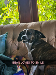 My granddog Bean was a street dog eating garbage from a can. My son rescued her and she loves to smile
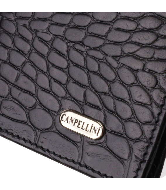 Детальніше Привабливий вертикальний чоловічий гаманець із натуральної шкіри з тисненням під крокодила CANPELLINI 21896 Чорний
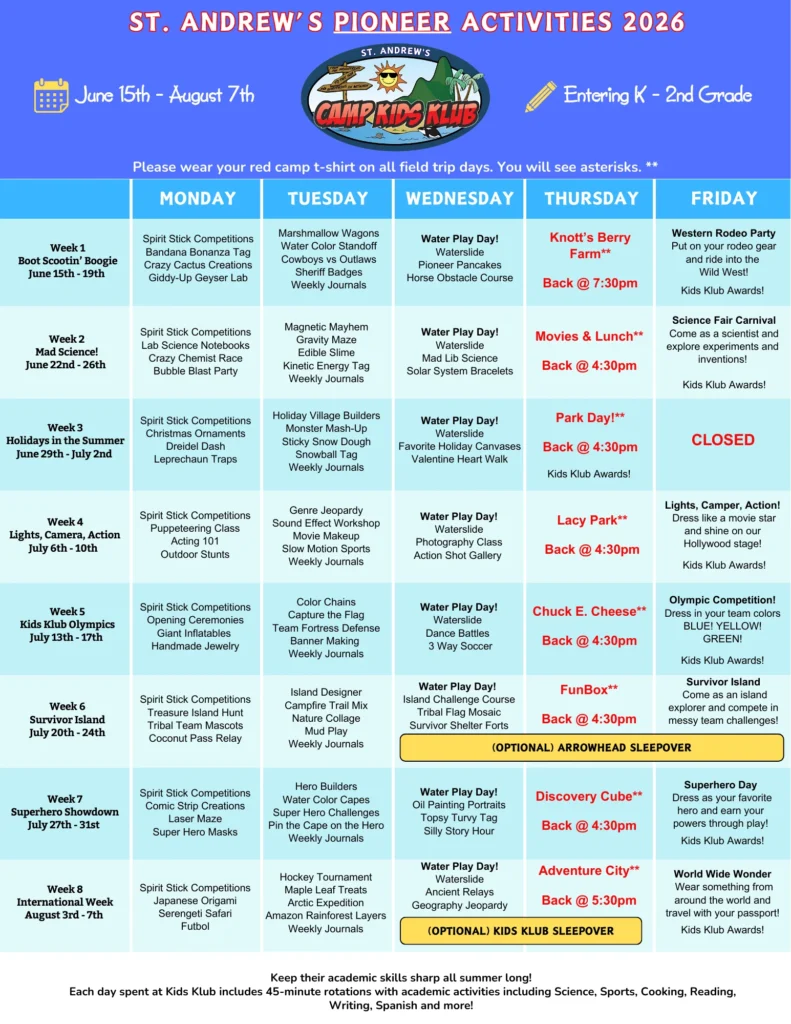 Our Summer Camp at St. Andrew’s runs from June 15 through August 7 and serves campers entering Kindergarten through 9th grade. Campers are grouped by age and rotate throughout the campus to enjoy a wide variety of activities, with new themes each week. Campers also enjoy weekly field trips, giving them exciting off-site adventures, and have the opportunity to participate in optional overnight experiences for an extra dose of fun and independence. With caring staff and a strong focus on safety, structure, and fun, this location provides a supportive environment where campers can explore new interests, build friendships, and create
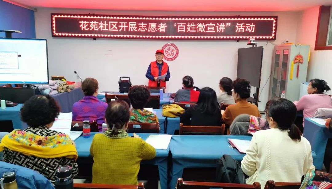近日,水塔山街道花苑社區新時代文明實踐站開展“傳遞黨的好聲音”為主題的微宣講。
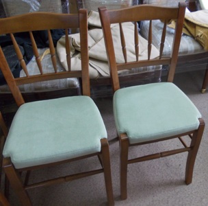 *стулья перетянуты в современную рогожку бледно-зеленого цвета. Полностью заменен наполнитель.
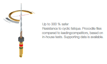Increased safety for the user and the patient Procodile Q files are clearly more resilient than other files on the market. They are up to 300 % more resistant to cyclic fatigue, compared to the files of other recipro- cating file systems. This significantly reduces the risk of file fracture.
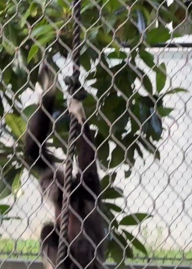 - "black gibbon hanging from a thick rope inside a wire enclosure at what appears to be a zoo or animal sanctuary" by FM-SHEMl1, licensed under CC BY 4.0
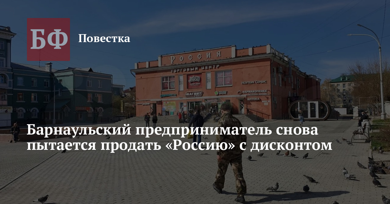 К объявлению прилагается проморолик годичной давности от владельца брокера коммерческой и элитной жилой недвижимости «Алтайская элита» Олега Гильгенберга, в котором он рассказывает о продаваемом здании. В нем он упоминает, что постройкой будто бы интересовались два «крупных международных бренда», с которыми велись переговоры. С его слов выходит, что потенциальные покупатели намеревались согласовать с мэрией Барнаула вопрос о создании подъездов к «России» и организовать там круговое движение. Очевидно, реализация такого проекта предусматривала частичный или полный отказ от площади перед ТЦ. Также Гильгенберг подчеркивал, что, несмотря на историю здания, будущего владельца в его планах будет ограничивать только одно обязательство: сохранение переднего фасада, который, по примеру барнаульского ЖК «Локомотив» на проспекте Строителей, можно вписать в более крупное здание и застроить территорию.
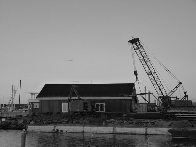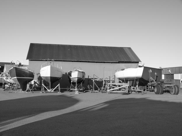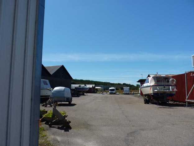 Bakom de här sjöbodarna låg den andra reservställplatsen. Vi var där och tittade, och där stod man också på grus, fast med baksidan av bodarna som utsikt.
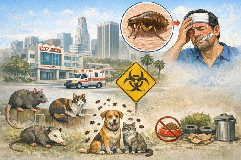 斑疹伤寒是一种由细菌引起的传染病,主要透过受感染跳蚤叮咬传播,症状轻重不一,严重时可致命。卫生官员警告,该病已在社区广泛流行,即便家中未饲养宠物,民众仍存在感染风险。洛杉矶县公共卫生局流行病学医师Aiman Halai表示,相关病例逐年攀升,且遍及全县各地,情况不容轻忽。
- - - - - - -
— What this task involves —
Copy each line above precisely, dropping the pictures.

— Result of this exercise —
 My granddog Bean was a street dog eating garbage from a can. My son rescued her and she loves to smile
 Детальніше Привабливий вертикальний чоловічий гаманець із натуральної шкіри з тисненням під крокодила CANPELLINI 21896 Чорний
 Our Summer Camp at St. Andrew’s runs from June 15 through August 7 and serves campers entering Kindergarten through 9th grade. Campers are grouped by age and rotate throughout the campus to enjoy a wide variety of activities, with new themes each week. Campers also enjoy weekly field trips, giving them exciting off-site adventures, and have the opportunity to participate in optional overnight experiences for an extra dose of fun and independence. With caring staff and a strong focus on safety, structure, and fun, this location provides a supportive environment where campers can explore new interests, build friendships, and create
近日,水塔山街道花苑社區新時代文明實踐站開展“傳遞黨的好聲音”為主題的微宣講。
 *стулья перетянуты в современную рогожку бледно-зеленого цвета. Полностью заменен наполнитель.
Increased safety for the user and the patient Procodile Q files are clearly more resilient than other files on the market. They are up to 300 % more resistant to cyclic fatigue, compared to the files of other recipro- cating file systems. This significantly reduces the risk of file fracture.
 - "black gibbon hanging from a thick rope inside a wire enclosure at what appears to be a zoo or animal sanctuary" by FM-SHEMl1, licensed under CC BY 4.0
 К объявлению прилагается проморолик годичной давности от владельца брокера коммерческой и элитной жилой недвижимости «Алтайская элита» Олега Гильгенберга, в котором он рассказывает о продаваемом здании. В нем он упоминает, что постройкой будто бы интересовались два «крупных международных бренда», с которыми велись переговоры. С его слов выходит, что потенциальные покупатели намеревались согласовать с мэрией Барнаула вопрос о создании подъездов к «России» и организовать там круговое движение. Очевидно, реализация такого проекта предусматривала частичный или полный отказ от площади перед ТЦ. Также Гильгенберг подчеркивал, что, несмотря на историю здания, будущего владельца в его планах будет ограничивать только одно обязательство: сохранение переднего фасада, который, по примеру барнаульского ЖК «Локомотив» на проспекте Строителей, можно вписать в более крупное здание и застроить территорию.
 Bakom de här sjöbodarna låg den andra reservställplatsen. Vi var där och tittade, och där stod man också på grus, fast med baksidan av bodarna som utsikt.
 斑疹伤寒是一种由细菌引起的传染病,主要透过受感染跳蚤叮咬传播,症状轻重不一,严重时可致命。卫生官员警告,该病已在社区广泛流行,即便家中未饲养宠物,民众仍存在感染风险。洛杉矶县公共卫生局流行病学医师Aiman Halai表示,相关病例逐年攀升,且遍及全县各地,情况不容轻忽。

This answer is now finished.